E de que todo aquele que profana os vivos seja tão perverso quanto quem profana os mortos?
E se o corpo não valer tanto quanto a alma?
E se o corpo não for a alma, o que será a alma?
2
O amor ao corpo do homem ou da mulher rejeita explicação, o simples corpo rejeita explicação,
O do homem é perfeito e perfeito é o corpo da mulher
A expressão da face rejeita explicação,
Mas a expressão de um homem bem feito aparece não apenas em seu rosto,
Está em seus membros e articulações, está curiosamente nas articulações de seus pulsos e quadris,
Em seu andar, na postura do pescoço, no fletir da cintura e dos joelhos, que as vestes não escondem,
A forte e suave qualidade que ele tem transluz através do algodão e da flanela;
Vê-lo passar comunica tanto quanto o melhor poema, talvez mais,
E te demoras a contemplar seu dorso, a parte posterior de seu pescoço e as laterais dos ombros.

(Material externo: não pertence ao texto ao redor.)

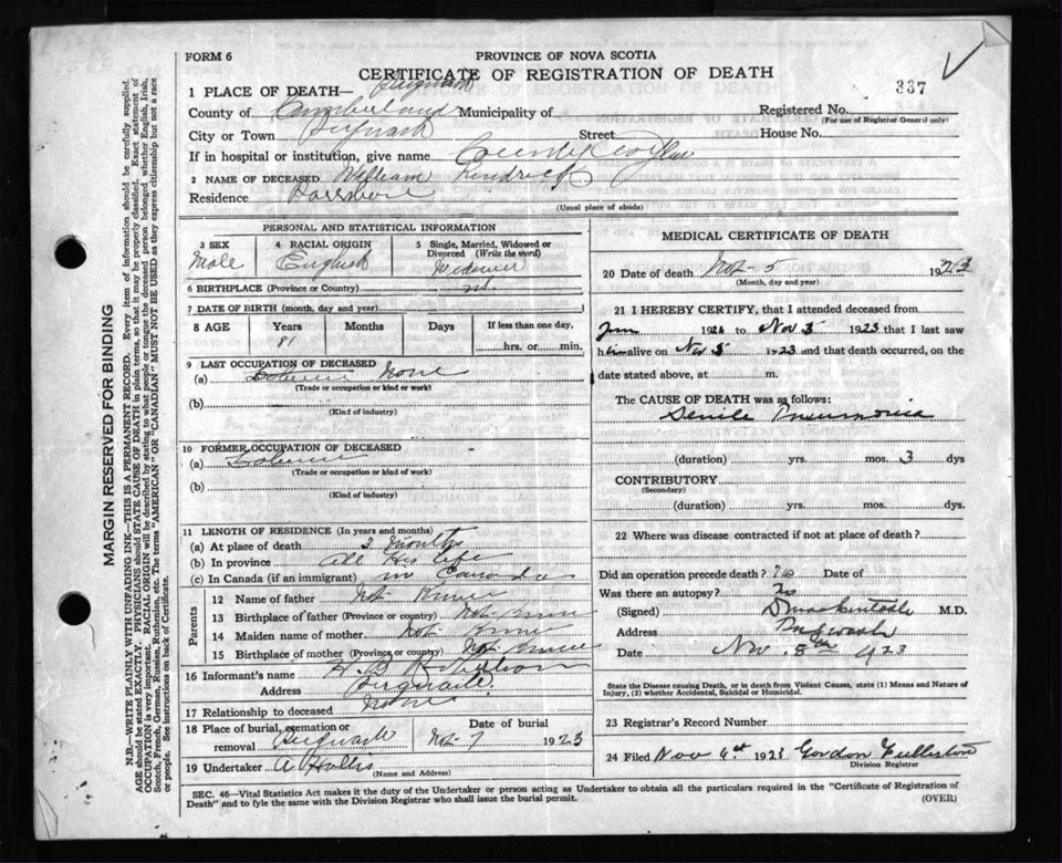 Death Registration: Year: 1923 file: 107 number: 337

O espernear e a exuberância dos bebés, os seios e as cabeças das mulheres, as dobras de suas vestes, sua elegância quando passamos pela rua, o contorno de suas formas descendentes,
O nadador desnudo na piscina, visto como se nadando através do
brilho transparente e verde, ou volta a face para cima ou gira
suavemente para cima e para baixo no deslocar da água,
A flexão para frente e para trás dos remadores em seus barcos a remo — o cavaleiro em sua sela,
Moças, mães, governantas, em todas as suas atividades,
O grupo de trabalhadores sentado ao meio-dia com suas marmitas abertas, e as esposas esperando,
A mulher acalentando a criança — a filha do fazendeiro no jardim ou no curral das vacas,
O moço que capina o milharal — o condutor de trenó conduzindo seis cavalos através da multidão,
A luta dos lutadores, dois jovens aprendizes, já robustos, saudáveis, de boa índole, ali do lugar, lá fora no terreno baldio, ao entardecer, já depois do trabalho,
Os paletós e os bonés atirados ao chão, o enlace de afeto e resistência,
A pega por cima e a pega por baixo, os cabelos amarfanhados a lhes tapar os olhos;
A marcha dos bombeiros em seus uniformes, o movimento dos músculos masculinos através das calças bem talhadas e dos cinturões,
A lenta volta do incêndio, a pausa quando a sineta volta a soar de novo, os ouvidos em alerta,
As atitudes naturais, perfeitas, variadas — a cabeça inclinada, o pescoço curvado, a contagem,
A esses assim eu amo — deixo-me levar, corro livremente, estou no seio da mãe com a a criancinha,
Nado com os nadadores, luto como os pugilistas, marcho em forma com os bombeiros, e paro, presto atenção e conto.
3
Conheço um homem, um fazendeiro comum — pai de cinco filhos;
E neles estavam os pais de filhos — e neles estavam os pais de outros filhos.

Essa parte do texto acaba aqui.